20k/year on holidays might be realistic for a family of 4-5 depending on where
they went. If they're teenage children, you're getting family suites or two
hotel rooms and could easily pay $400+/night.

3-4 trips totalling say 25 days. Airfares add up for 4-5 people. $3k+ on
airfares, $10k+ on accommodation. Four people eating out 1-2 times/day. Car
hire (SUV rather than a hatchback to fit all luggage), entertainment, etc.

I earn peanuts compared to those examples but just had a trip to the States
with wife, toddler and infant. Probably cost $20-30k in one 8 week trip and
that was without the fourth airfare and generally cramming four of us into
budget hotels where possible.

------
n9com
Title should be 'Minimum salary required in London to live a life of luxury:
£500k'

------
rozza
Amazing, really tells more about keeping up with the Joneses and the societal
pressure to conform to their expectations.

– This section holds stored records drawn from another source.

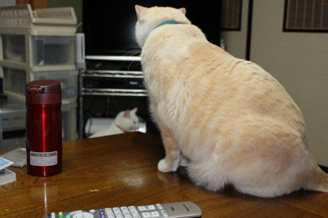 モカが食べている横で、オークがモカのおこぼれをねらっております。
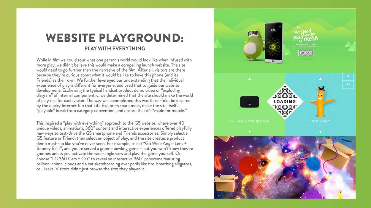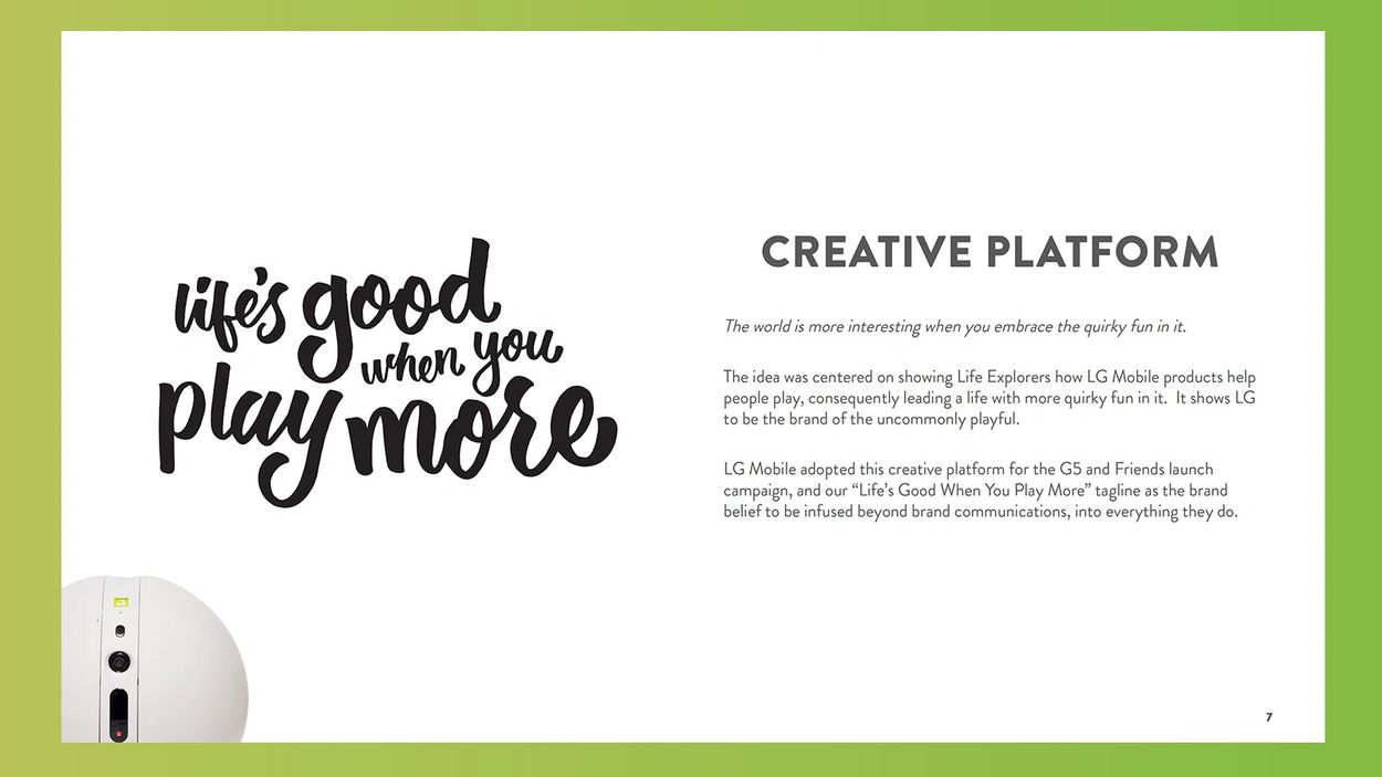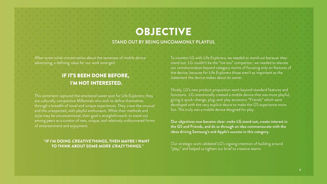 Our campaign needed to show how the LG G5 and Friends (peripherals) help people play, and enjoy a life with more quirky fun in it. We articulated this with a tagline in the LG "life's good" parlance: "Life's Good When You Play More". This inspired campaign executions that challenged conventional thinking in film and offered a variety of "playable" breaks from category conventions online.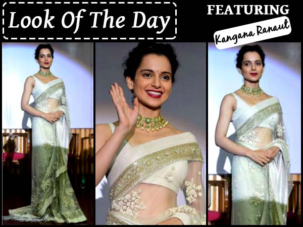 Earlier we got a chance to click Kangana's in one of Sabyasachi's beautiful saree. Kangana wore a sheer white saree from the House of Sabyasachi label and boy, she looked stellar. The sheer white saree is crafted with intricate details. It is further enhanced with a heavy shimmery border.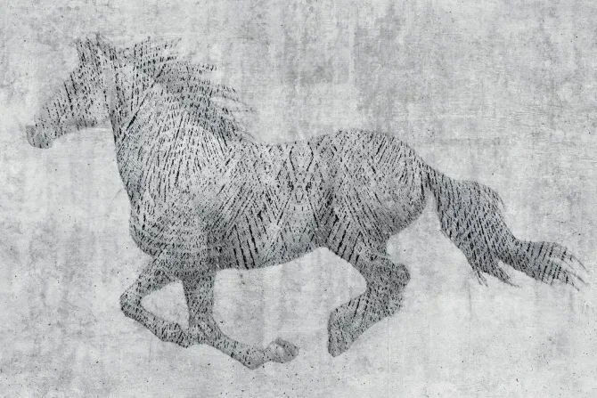 Fototapeta: Galopujący koń na betonowym tle

As you earn more money, your social circles change and there is a cost to
moving into that circle. You have to live in the right area, dress in the
right clothes and drive the right car. So the costs increase to levels that
seem exorbitant to people on "average" salaries but really they are just as
much slaves to the system as anyone else.

The trick is to earn good money and not spend it on frivolities, but
marketeers and advertisers work hard to get people to spend their hard earned
cash to great effect.

------
SeanDav
For comparison purposes, if one wants a benchmark for a top notch salary, then
it is common practice to use the salary of the Prime Minister, who earns
£142k.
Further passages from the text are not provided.